E’ stata venduta una delle magnifiche ville storiche di Via San Leonardo a Firenze, conosciuta come Villa Selva e Guasto o Villa Dolgoroukoff, dal nome della misteriosa principessa russa a cui appartenne agli inizi del Novecento. Situata in una delle più prestigiose zone di Firenze, a due passi da Piazzale Michelangelo e a soli dieci minuti dal centro della città, la villa è stata venduta tramite trattativa riservatissima un cliente che è riuscito ad acquistare tutta la proprietà, complessivamente di 2 mila mq di interni e 20 mila mq di esterni, dopo che nel secolo scorso era stata suddivisa in più appartamenti.

Benché la maestosa facciata presenti le caratteristiche architettoniche tipiche delle ville del XVII secolo, ricche di decorazioni barocche, la sua origine è più antica: ai primi del XV secolo risulta di proprietà della famiglia Galilei, che la venderanno nel 1480 a Bernardo di Simone Canigiani, personaggio noto nella Firenze del tempo per aver rivestito ruoli di governo, nonché amico intimo del filosofo e umanista Marsilio Ficino.

Nel 1562 la figlia di un altro Bernardo Canigiani la portava in dote alla nobile famiglia dei Rucellai. Seguiranno nei secoli numerosi passaggi di proprietà fino ad arrivare agli inizi del Novecento alla principessa russa Dolgoroukoff e poi nel 1919 per via ereditaria ai Costa de Suarez.

Ma chi era la misteriosa principessa russa proprietaria della villa? Di lei si conosce solo il cognome Dolgoroukoff. Potrebbe trattarsi di Ekaterina Michajlovna Dolgorukova (14 novembre 1847 – 15 febbraio 1922), la giovane principessa russa appartenente ad una famiglia nobile decaduta di cui si innamorò lo Zar Alessandro II di Russia. Dolgoroukoff e Dolgorukova sono, infatti, due versioni dello stesso cognome.

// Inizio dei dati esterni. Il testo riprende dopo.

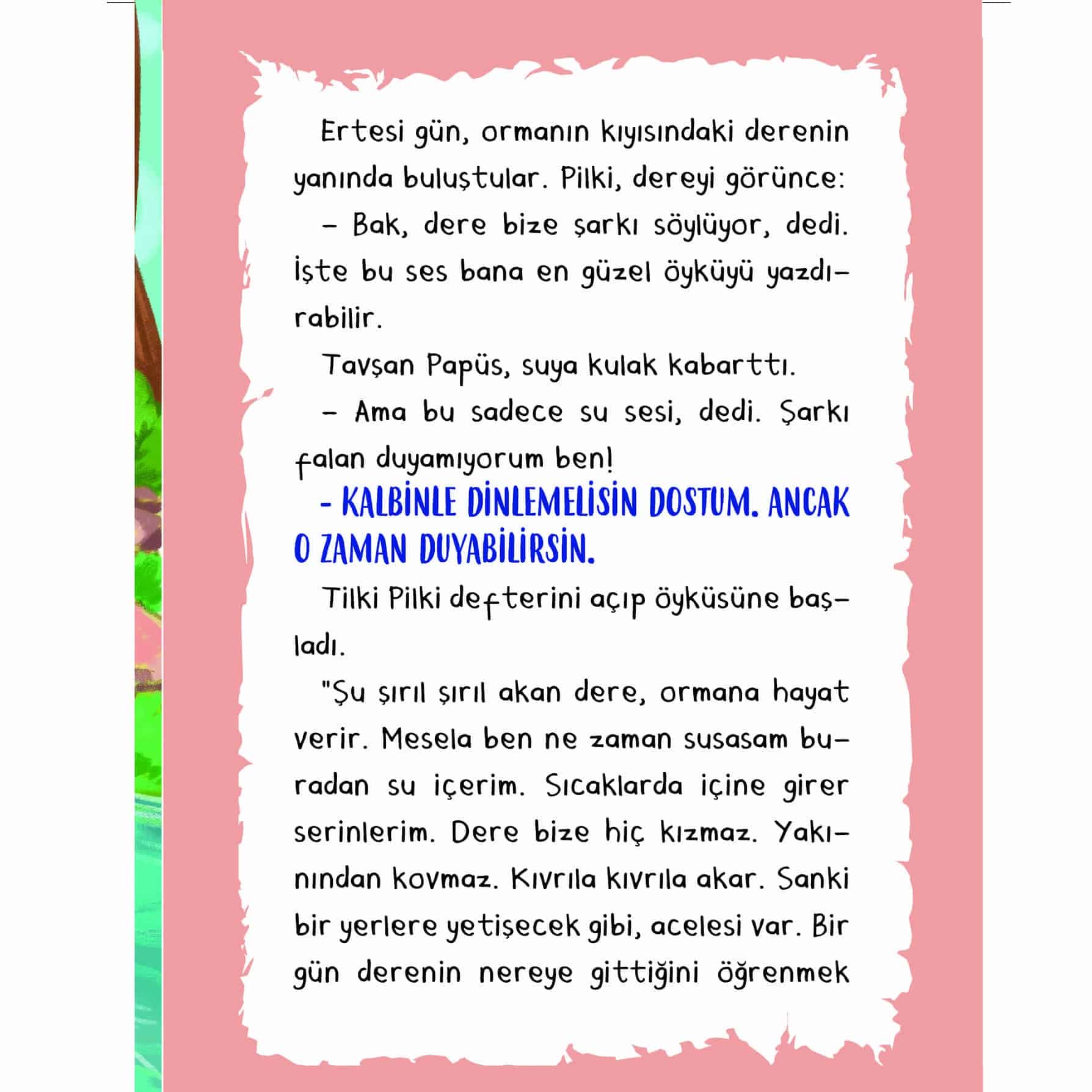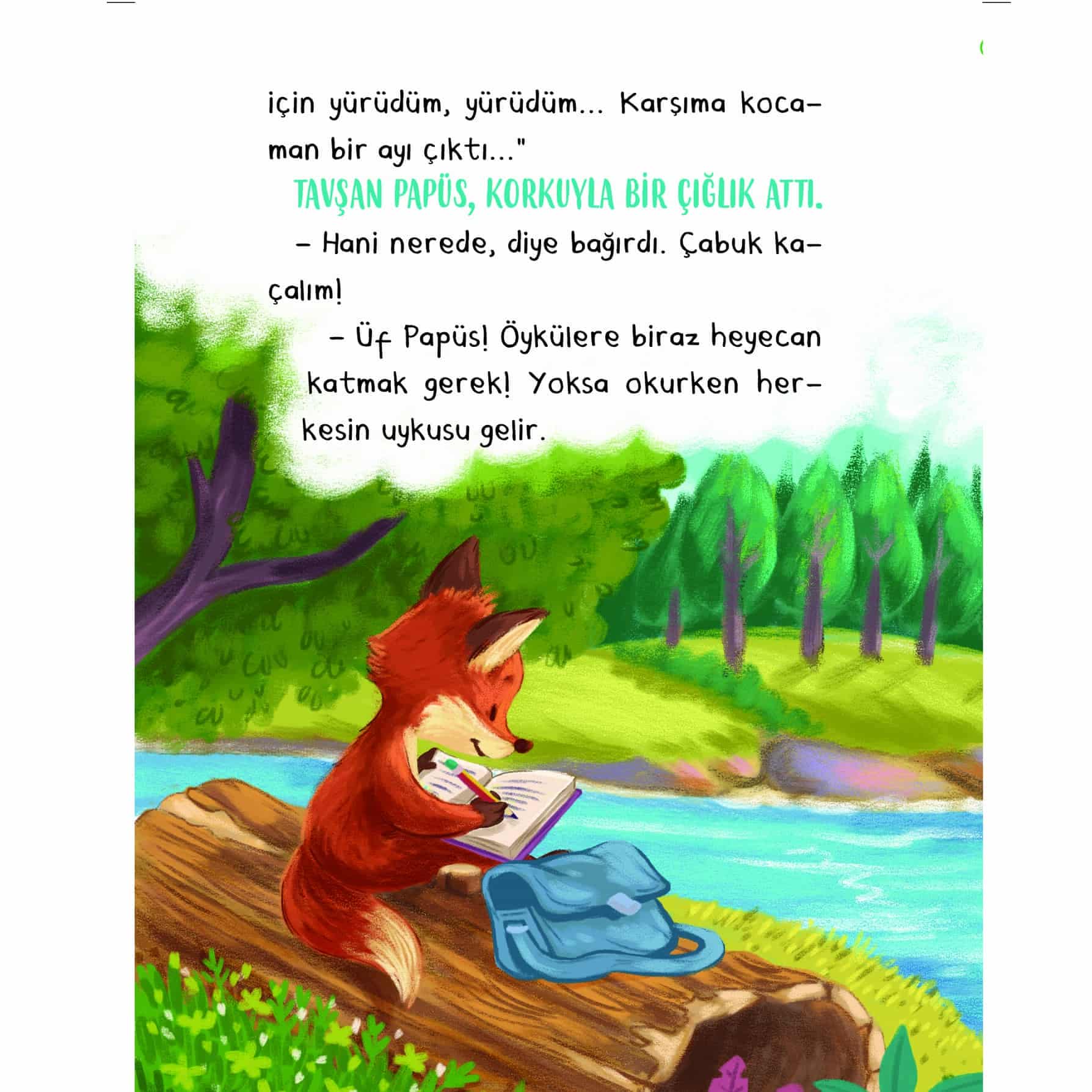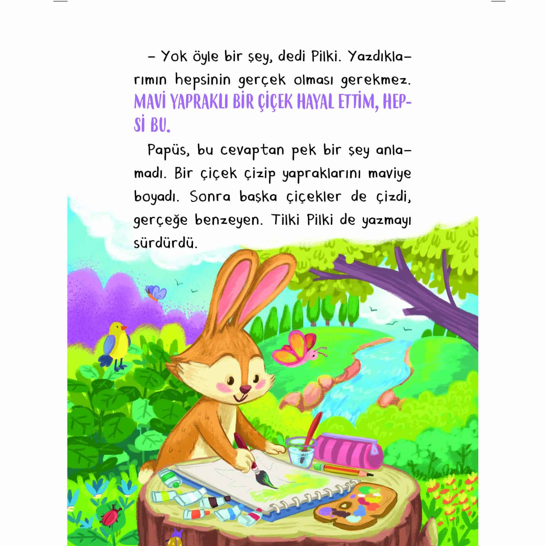 Tilki Pilki ve Tavşan Papüs ormanda yaşayan iki iyi arkadaştır. Tilki Pilki bir gün bir kitap yazmak ister. Fikrini Tavşan Papüs’e açar. Tavşan da bu kitabı resimleyebileceğini söyler. Böylece ormanı dolaşmaya başlarlar. Tilki Pilki ormanı, ağaçları, çiçekleri, dağı, güneşi, ayı, yıldızları anlatır öyküsünde. Tavşan Papüs de hepsini özenle [...]
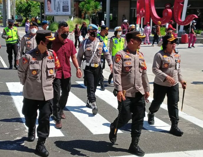 Kapolres Kawasan Bandara I Gusti Ngurah Rai AKBP Ida Ayu Wikarniti, S.E. mendampingi Kapolres Gianyar AKBP I Made Bayu Sutha Sartana, S.I.K., M.H. mengunjungi anggotanya yang mendapat tugas pengamanan Ops Puri Agung V bergabung di Satgas 2 Pam Bandara, selasa (24/05/2022).
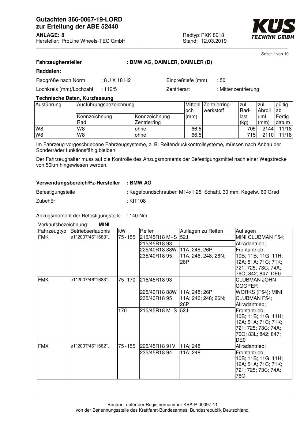Dieses Gutachten (ABE) bezieht sich auf die Alufelge Proline PXK in der Ausführung 8Jx18 ET 0, Mittenloch 0 mm (KBA 52440). Im PDF findest du typischerweise zulässige Reifengrößen, Auflagen/Anbauhinweise und – je nach Dokument – Hinweise zur Eintragung.
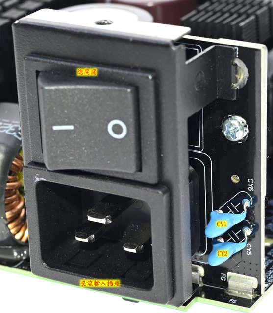 ,只控制內部電路決定電源是否運作。共模電感/保險絲/突波吸收器有包覆套管
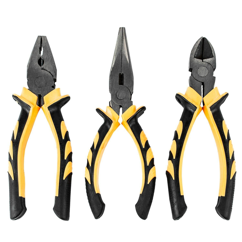 This 3 piece pliers set is the perfect addition to any tool set around your home or at work. The tempered carbon steel and nickel coat provides an extra protection and performance making them suitable for any DIY project.
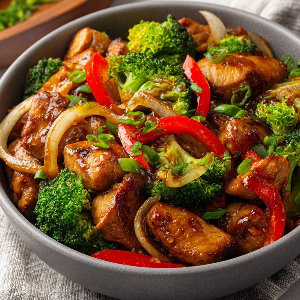 Brokkoli, Paprika, Zwiebeln 3 Minuten rühren, knackig halten. Hähnchen zurück, Soße zugeben. 2 Minuten einkochen, bis glänzend.

Dopo avergli dato tre figli, lo Zar la sposerà nel 1880 facendola moglie morganatica. Ma neanche un anno dopo Alessandro II verrà ucciso in un attentato e Ekaterina sarà costretta ad andarsene dalla Russia e trasferirsi con i figli in Francia. La loro storia d’amore è diventata il soggetto di due film. Quello del 1959, “Katya, regina senza corona”, per la regia di Robert Siodmak, sarà interpretato da una giovane Romy Schneider, reduce dal grande successo nel ruolo di Sissi.

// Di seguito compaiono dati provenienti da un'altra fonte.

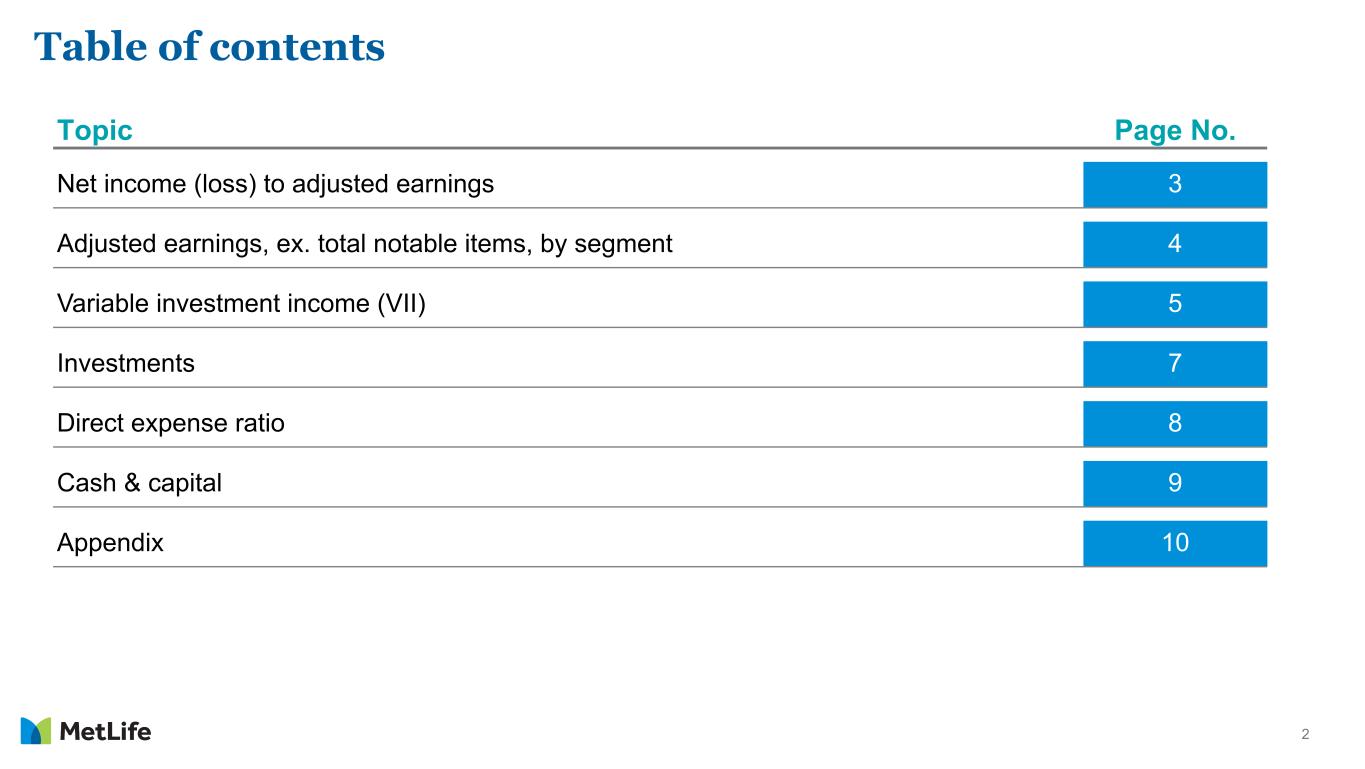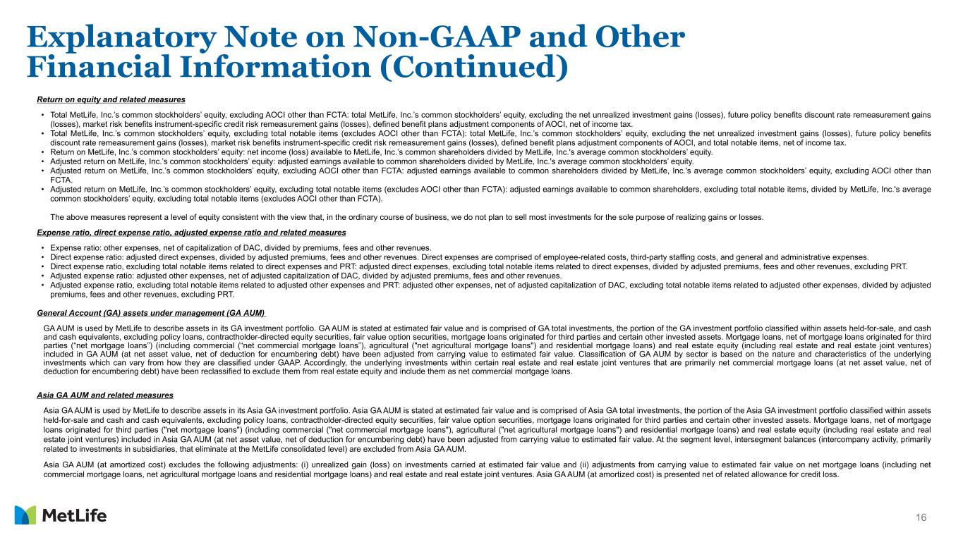 15 Explanatory Note on Non-GAAP and Other Financial Information (Continued) Asymmetrical and non-economic accounting adjustments are made to the line items indicated in calculating adjusted earnings: • Net investment income includes earned income on derivatives and amortization of premium on derivatives that are hedges of investments or that are used to replicate certain investments, but do not qualify for hedge accounting treatment ("Investment hedge adjustments"). • Other revenues include settlements of foreign currency earnings hedges and exclude asymmetrical accounting associated with in-force reinsurance. • Policyholder benefits and claims excludes (i) amortization of basis adjustments associated with de-designated fair value hedges of future policy benefits, (ii) inflation-indexed benefit adjustments associated with contracts backed by inflation- indexed investments, (iii) asymmetrical accounting associated with in-force reinsurance, and (iv) non-economic losses incurred at contract inception for certain single premium annuity business. These losses are amortized into adjusted earnings within policyholder benefits and claims over the estimated lives of the contracts. • Interest credited to policyholder account balances excludes amounts associated with periodic crediting rate adjustments based on the total return of a contractually referenced pool of assets and other pass-through adjustments and asymmetrical accounting associated with in-force reinsurance. Divested businesses are those that have been or will be sold or exited by MetLife but do not meet the discontinued operations criteria under GAAP. Divested businesses also include the net impact of transactions with exited businesses that have been eliminated in consolidation under GAAP and costs relating to businesses that have been or will be sold or exited by MetLife that do not meet the criteria to be included in results of discontinued operations under GAAP. Other adjustments are made to the line items indicated in calculating adjusted earnings: • Net investment income and interest credited to policyholder account balances excludes certain amounts related to contractholder-directed equity securities ("Unit-linked contract income") and ("Unit-linked contract costs"). • Other revenues include fee revenue on synthetic guaranteed interest contracts ("GICs") accounted for as freestanding derivatives. • Other revenues exclude and other expenses include fees received in connection with services provided under transition service agreements. • Other expenses exclude (i) implementation of new insurance regulatory requirements and other costs, and (ii) acquisition, integration and other related costs. Other expenses include (i) deductions for net income attributable to noncontrolling interests, and (ii) benefits accrued on synthetic GICs accounted for as freestanding derivatives. Adjusted earnings also excludes the recognition of certain contingent assets and liabilities that could not be recognized at acquisition or adjusted for during the measurement period under GAAP business combination accounting guidance. The tax impact of the adjustments mentioned above are calculated net of the U.S. or foreign statutory tax rate, which could differ from MetLife's effective tax rate. Additionally, the provision for income tax (expense) benefit also includes the impact related to the timing of certain tax credits, as well as certain tax reforms. In addition, adjusted earnings available to common shareholders excludes the impact of preferred stock redemption premium, which is reported as a reduction to net income (loss) available to MetLife, Inc.’s common shareholders. Investment portfolio gains (losses) and derivative gains (losses) These are measures of investment and hedging activity. Investment portfolio gains (losses) principally excludes amounts that are reported within net investment gains (losses) but do not relate to the performance of the investment portfolio, such as gains (losses) on sales and divestitures of businesses, as well as investment portfolio gains (losses) of divested businesses. Derivative gains (losses) principally excludes earned income on derivatives and amortization of premium on derivatives, where such derivatives are either hedges of investments or are used to replicate certain investments, and where such derivatives do not qualify for hedge accounting. This earned income and amortization of premium is reported within adjusted earnings and not within derivative gains (losses).

Sicuramente la principessa, a cui appartenne la villa a Firenze agli inizi del Novecento, non è tra quelle, con lo stesso cognome, costrette a lasciare la Russia per lo scoppio della Rivoluzione e vissute tra Italia e Francia a partire dal 1917. Il mistero dunque continua.

La scenografica facciata della villa, rivolta verso via San Leonardo, presenta una scala in pietra a doppia rampa a tenaglia che consente di raggiungere il piano nobile, mentre, a livello di terreno, un portone immette nella corte centrale attorno a cui si sviluppa l’edificio.

Al centro della facciata si trova uno scudo ottocentesco in pietra con l’arma della famiglia Castrucci (tra quelle a cui appartenne la villa) con il motto “Maiora resurgunt”. La villa è circondata da un parco con sul fronte e su un lato giardini all’italiana. Fa parte della proprietà una cappella in stile tardo seicentesco, separata dal corpo della villa, con la facciata e l’ingresso su via San Leonardo.